What you should do: Among the records below, find the line with "- NVIDIA Jetson" and the line with "Prepustite se luksuzu". Set down both and every line between, exactly and with no pictures, but nothing else.

Data to use:
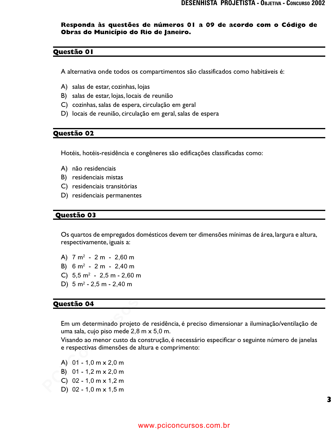 pcimarkpci MDAwMDowMDAwOjAwMDA6MDAwMDowMDAwOmZmZmY6MzZlOTpjMjU5:VGh1LCAxNiBTZXAgMjAyMSAxODozODoyMyAtMDMwMA== 3 DESENHISTA PROJETISTA - OBJETIVA - CONCURSO 2002 Responda às questões de números 01 a 09 de acordo com o Código de Obras do Município do Rio de Janeiro. Questão 01 A alternativa onde todos os compartimentos são classificados como habitáveis é: A) salas de estar, cozinhas, lojas B) salas de estar, lojas, locais de reunião C) cozinhas, salas de espera, circulação em geral D) locais de reunião, circulação em geral, salas de espera Questão 02 Hotéis, hotéis-residência e congêneres são edificações classificadas como: A) não residenciais B) residenciais mistas C) residenciais transitórias D) residenciais permanentes Questão 03 Os quartos de empregados domésticos devem ter dimensões mínimas de área, largura e altura, respectivamente, iguais a: A) 7 m2 - 2 m - 2,60 m B) 6 m2 - 2 m - 2,40 m C) 5,5 m2 - 2,5 m - 2,60 m D) 5 m2 - 2,5 m - 2,40 m Questão 04 Em um determinado projeto de residência, é preciso dimensionar a iluminação/ventilação de uma sala, cujo piso mede 2,8 m x 5,0 m. Visando ao menor custo da construção, é necessário especificar o seguinte número de janelas e respectivas dimensões de altura e comprimento: A) 01 - 1,0 m x 2,0 m B) 01 - 1,2 m x 2,0 m C) 02 - 1,0 m x 1,2 m D) 02 - 1,0 m x 1,5 m www.pciconcursos.com.br pcimarkpci MDAwMDowMDAwOjAwMDA6MDAwMDowMDAwOmZmZmY6MzZlOTpjMjU5:VGh1LCAxNiBTZXAgMjAyMSAxODozODoyMyAtMDMwMA== 4 DESENHISTA PROJETISTA - OBJETIVA - CONCURSO 2002 Questão 05 As inclinações mínimas das águas do telhado são definidas pelo tipo do material e formato das telhas. No caso de telha de cerâmica tipo canal ou colonial, a inclinação mínima deverá ter um percentual de: A) 5% B) 10% C) 25% D) 40% Questão 06 A distância mínima entre a edificação e o alinhamento é denominada afastamento do tipo: A) frontal B) lateral C) posterior D) longitudinal Questão 07 Para representação dos cortes do projeto arquitetônico, é utilizada a seguinte escala: A) 1:10 B) 1:20 C) 1:50 D) 1:75 Questão 08 As rampas de uso coletivo para pedestres não poderão ter largura inferior a 1,20 m e sua inclinação máxima terá um percentual de: A) 10% B) 20% C) 30% D) 40% www.pciconcursos.com.br pcimarkpci MDAwMDowMDAwOjAwMDA6MDAwMDowMDAwOmZmZmY6MzZlOTpjMjU5:VGh1LCAxNiBTZXAgMjAyMSAxODozODoyMyAtMDMwMA== 5 DESENHISTA PROJETISTA - OBJETIVA - CONCURSO 2002 Questão 09 As escadas para uso coletivo terão largura mínima livre de: A) 0,80 m B) 1,00 m C) 1,20 m D) 1,50 m Responda às questões de números 10 a 15 de acordo com o Programa Autocad R14. Questão 10 Para transformar blocos, polylines e hachuras em linhas individuais, utiliza-se o seguinte comando: A) COPY B) SCALE C) EXPLODE D) TRANSFORMER Questão 11 Para efetuar o desenho de um segmento de reta, com precisão, por meio de coordenadas relativas polares, o comando correto é: A) @ (o valor de X), (o valor de Y) B) @ (o valor de Z), (o valor de X) C) @ (o ângulo desejado) > (a dimensão do segmento de reta) D) @ (a dimensão do segmento de reta) < (o ângulo desejado) Questão 12 O comando utilizado para travar ou destravar uma layer selecionada é: A) LOCK B) PEDIT C) BLOCK D) HATCH www.pciconcursos.com.br pcimarkpci MDAwMDowMDAwOjAwMDA6MDAwMDowMDAwOmZmZmY6MzZlOTpjMjU5:VGh1LCAxNiBTZXAgMjAyMSAxODozODoyMyAtMDMwMA== 6 DESENHISTA PROJETISTA - OBJETIVA - CONCURSO 2002 Questão 13 Durante a execução de um comando de edição, ao selecionar a entidade com uma janela da direita para a esquerda, o usuário está aplicando o comando denominado: A) LIMITS B) MODIFY C) WINDOW D) CROSSING Questão 14 O comando redo, quando ativado, tem como objetivo: A) executar a limpeza dos blips da tela B) selecionar entidades através de janelas C) desfazer o último comando undo executado D) inverter os comandos realizados através do teclado Questão 15 A ferramenta que garante a escolha de pontos notáveis de entidades, com precisão, é denominada: A) SCALE B) OFFSET C) STRETCH D) OBJECT SNAP Questão 16 A lâmpada que não utiliza filamento metálico para produzir energia luminosa é caracterizada como: A) negra B) halógena C) fluorescente D) incandescente www.pciconcursos.com.br pcimarkpci MDAwMDowMDAwOjAwMDA6MDAwMDowMDAwOmZmZmY6MzZlOTpjMjU5:VGh1LCAxNiBTZXAgMjAyMSAxODozODoyMyAtMDMwMA== 7 DESENHISTA PROJETISTA - OBJETIVA - CONCURSO 2002 Questão 17 A relação entre a projeção horizontal de uma edificação e a área do terreno é denominada: A) zona de projeção B) taxa de ocupação C) área total construída D) índice de aproveitamento Questão 18 Nas instalações hidráulicas, quando a água, ao descer pela tubulação, com velocidade elevada, é bruscamente interrompida, provoca um fenômeno denominado: A) golpe de aríete B) pressão estática C) rompimento do fecho hídrico D) estrangulamento da tubulação Questão 19 Para evitar o transbordamento de água de um reservatório, utiliza-se a seguinte canalização: A) ramal B) barrilete C) extravasor D) sub-ramais Questão 20 Em projetos de instalações de esgoto sanitário, a tubulação secundária é representada pela simbologia indicada em: A) →→→→→→→→→ B) C) . . . . . . . . . . . . . . . . . D) __ __ __ __ __ __ __ __ . . __ . . ____ . . www.pciconcursos.com.br pcimarkpci MDAwMDowMDAwOjAwMDA6MDAwMDowMDAwOmZmZmY6MzZlOTpjMjU5:VGh1LCAxNiBTZXAgMjAyMSAxODozODoyMyAtMDMwMA== 8 DESENHISTA PROJETISTA - OBJETIVA - CONCURSO 2002 Questão 21 A simbologia utilizada para o desenho de canalizações destinadas ao combate de incêndio é: A) B) C) D) Questão 22 Para demonstrar a tubulação de abastecimento de água de um compartimento, na vertical e na horizontal simultaneamente, utiliza-se a perspectiva do tipo: A) cônica B) cavaleira C) trimétrica D) isométrica Questão 23 De acordo com a NBR 5410, em instalações elétricas residenciais, a seção mínima dos condutores para iluminação deverá ser, em mm2, i
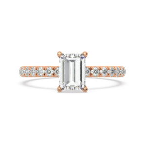 50% הנחהטבעת אירוסין סוליטר וזירקונים בצדדים דגם 50037 זהב אדום רוזגולד 14 קראט במרכז זירקוניה 0.50 קראט בחיתוך אמרלד מסביב ובצדדים זירקונים בחיתוך עגול
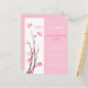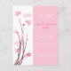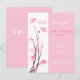 "É um anúncio de nascimento de uma garota". Pássaros rosa e flores de primavera. Design original de Ruxique.
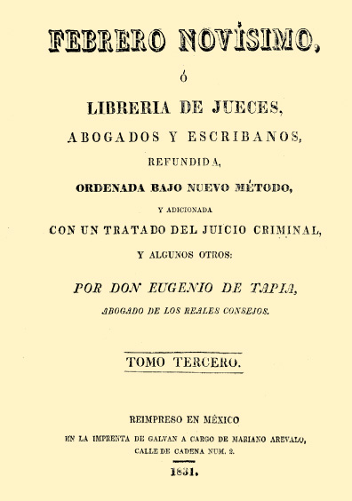 Librería de jueces, abogados y escribanos, refundida, ordenada bajo nuevo método y adicionada con un tratado del juicio criminal
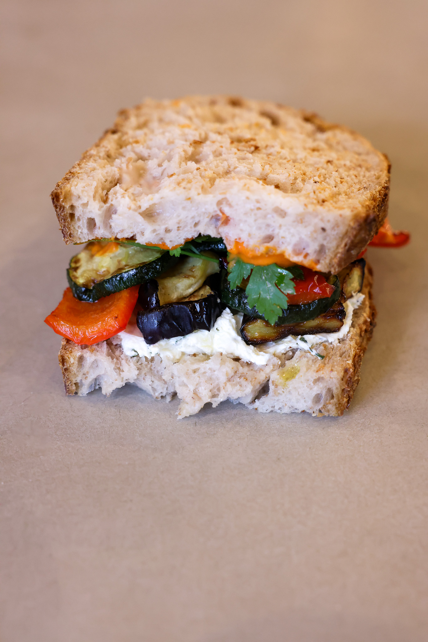 Kanapka z naszego klasyka (chleb pszenny na zakwasie, składniki: mąka pszenna (pszenica), woda, sól), twarożek chimichuri, grillowane warzywa (bakłażan, cukinia, papryka) sos z pieczonej papryki, natka pietruszki. Produkt zawiera gluten i może zawierać orzechy i sezam.
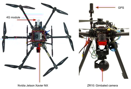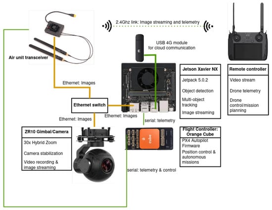 - NVIDIA Jetson Xavier NX: this is the main computation board (edge device) and has adequate GPU power to perform real-time object detection and advanced autonomous surveillance mission planning. It is connected to the camera–gimbal system, via an Ethernet switch, to receive the real-time image stream and send camera–gimbal commands to control the camera orientation and zoom level. The Xavier NX runs our custom software, which performs real-time object detection and localization, which is described in Section 2.2. It also has a connected 4G module to enable extended communication with the cloud server to send information about the detected objects and receive surveillance mission requests.
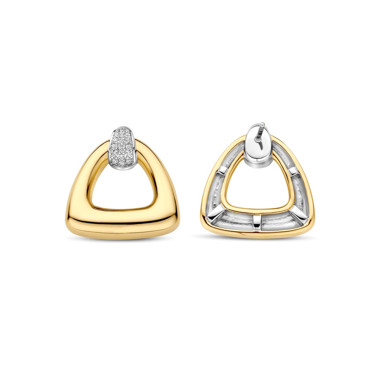 Prepustite se luksuzu uz ove dvobojne srebrne minđuše. Izrađene od srebra 925, skulpturalne, otvorene trouglaste kapice su prekrivene blistavom pozlatom, a njihove smele krivine polirane do ogledalskog sjaja. Neka par stoji samostalno kao centralni akcenat ili ih kombinujte sa odabranim naušnicama za povecan kontrast.
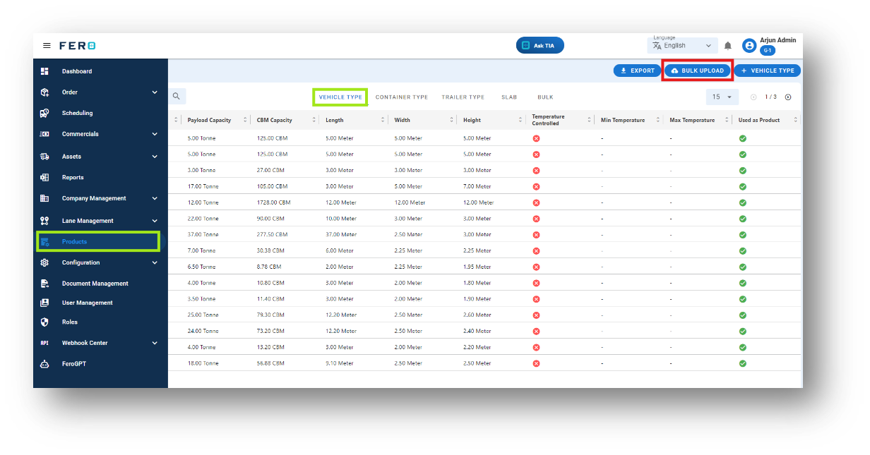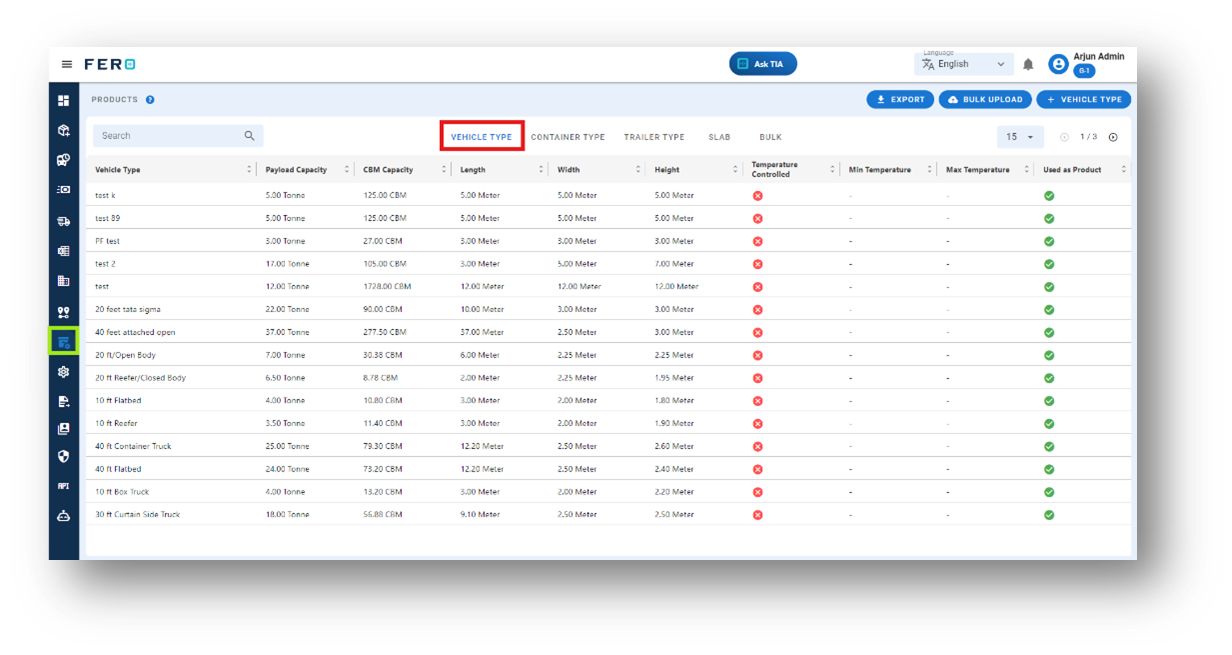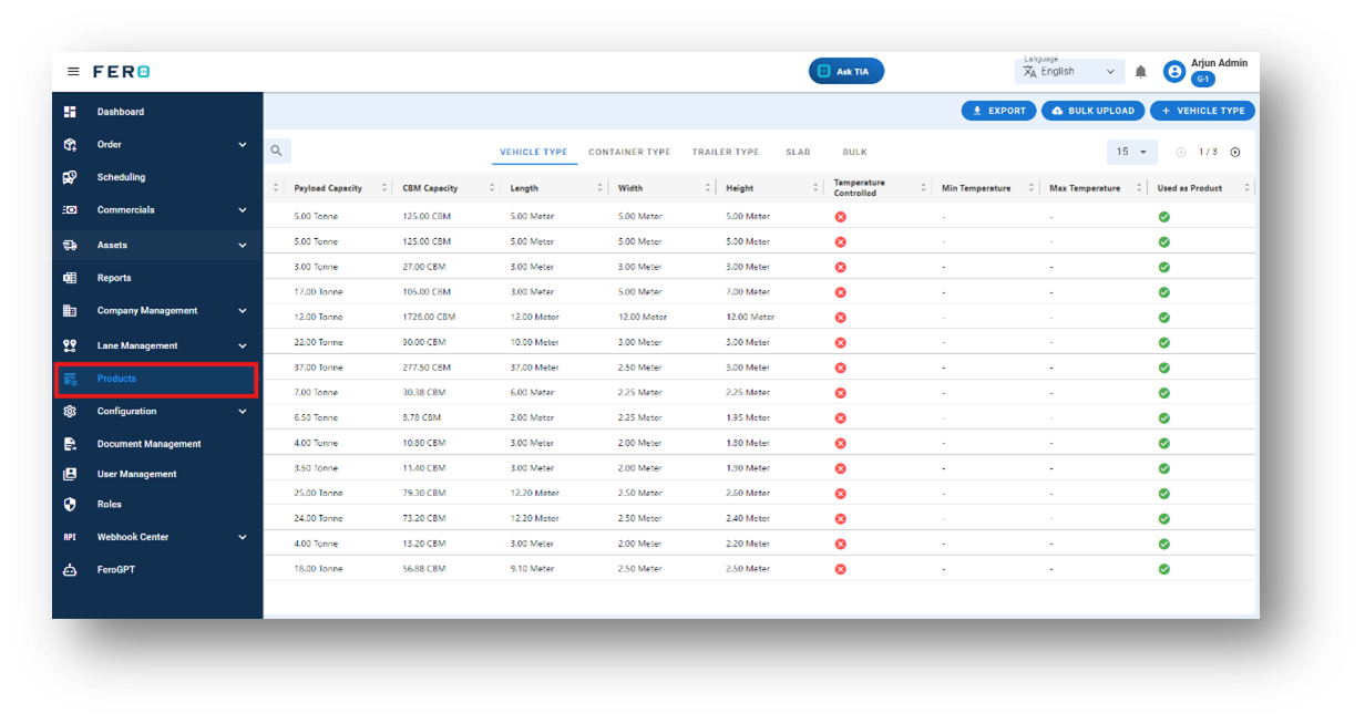 In our system, "Products" encompass essential operational elements critical for efficient management. These include vehicle types, trailer types, container types, and their specifications, as well as weight slabs for pricing details. Additionally, dimensions of these elements are managed within the system.
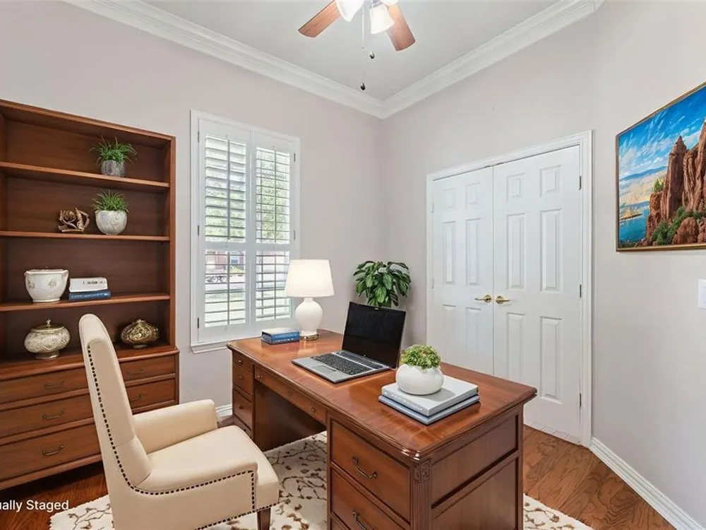 LARGE CORNER LOT, FLEXIBLE FLOOR PLAN: 2BR, 2BA, STUDY-DEN, SPACIOUS CLOSETS, LARGE COVERED PATIO. FENCED BACKYARD. FEATURES: Wood, Tile & Carpet Flooring, Plantation Shutters, Double Door Study-Office-Den, Great Room: Instant-On Gas Fireplace & Media Niche, Breakfast Nook with Window Seat, Double Crown Molding, Ceiling Fans, Kohler Toilets, 10-11-12 ft Ceilings, Art Niche, Large BR Closets, Separate full size Laundry Room with space for Refrigerator. KITCHEN: Electric Glass Cooktop, Double Pull-out Shelves in Bottom Cabinets, Auto Light in Pantry. GREAT ROOM: Large TV Niche, Instant on Gas Fireplace, PRIMARY BEDROOM EN SUITE: Sitting Area, Expansive Bedroom & WIC, Separate Vanities, Separate Shower. GUEST BEDROOM: Transom Windows, Oversized WIC 5' by 9'. OTHER: AC Coil WH 2023, Roof 2015 ---- LIVE IN HERITAGE RANCH: THE PREMIER GATED RESORT STYLE AMENITIES FOR THOSE OF US 50+: Scenic & Friendly Community, Indoor & Outdoor Pools, Fitness Center, 2 Restaurants, Ballroom, Dance Floor, Pickle Ball & Tennis Courts, Championship Golf Course, Hike & Bike Trails, Bocce Ball, Myriad of Groups, Clubs & Events.

Exercise solution:
 - NVIDIA Jetson Xavier NX: this is the main computation board (edge device) and has adequate GPU power to perform real-time object detection and advanced autonomous surveillance mission planning. It is connected to the camera–gimbal system, via an Ethernet switch, to receive the real-time image stream and send camera–gimbal commands to control the camera orientation and zoom level. The Xavier NX runs our custom software, which performs real-time object detection and localization, which is described in Section 2.2. It also has a connected 4G module to enable extended communication with the cloud server to send information about the detected objects and receive surveillance mission requests.
 Prepustite se luksuzu uz ove dvobojne srebrne minđuše. Izrađene od srebra 925, skulpturalne, otvorene trouglaste kapice su prekrivene blistavom pozlatom, a njihove smele krivine polirane do ogledalskog sjaja. Neka par stoji samostalno kao centralni akcenat ili ih kombinujte sa odabranim naušnicama za povecan kontrast.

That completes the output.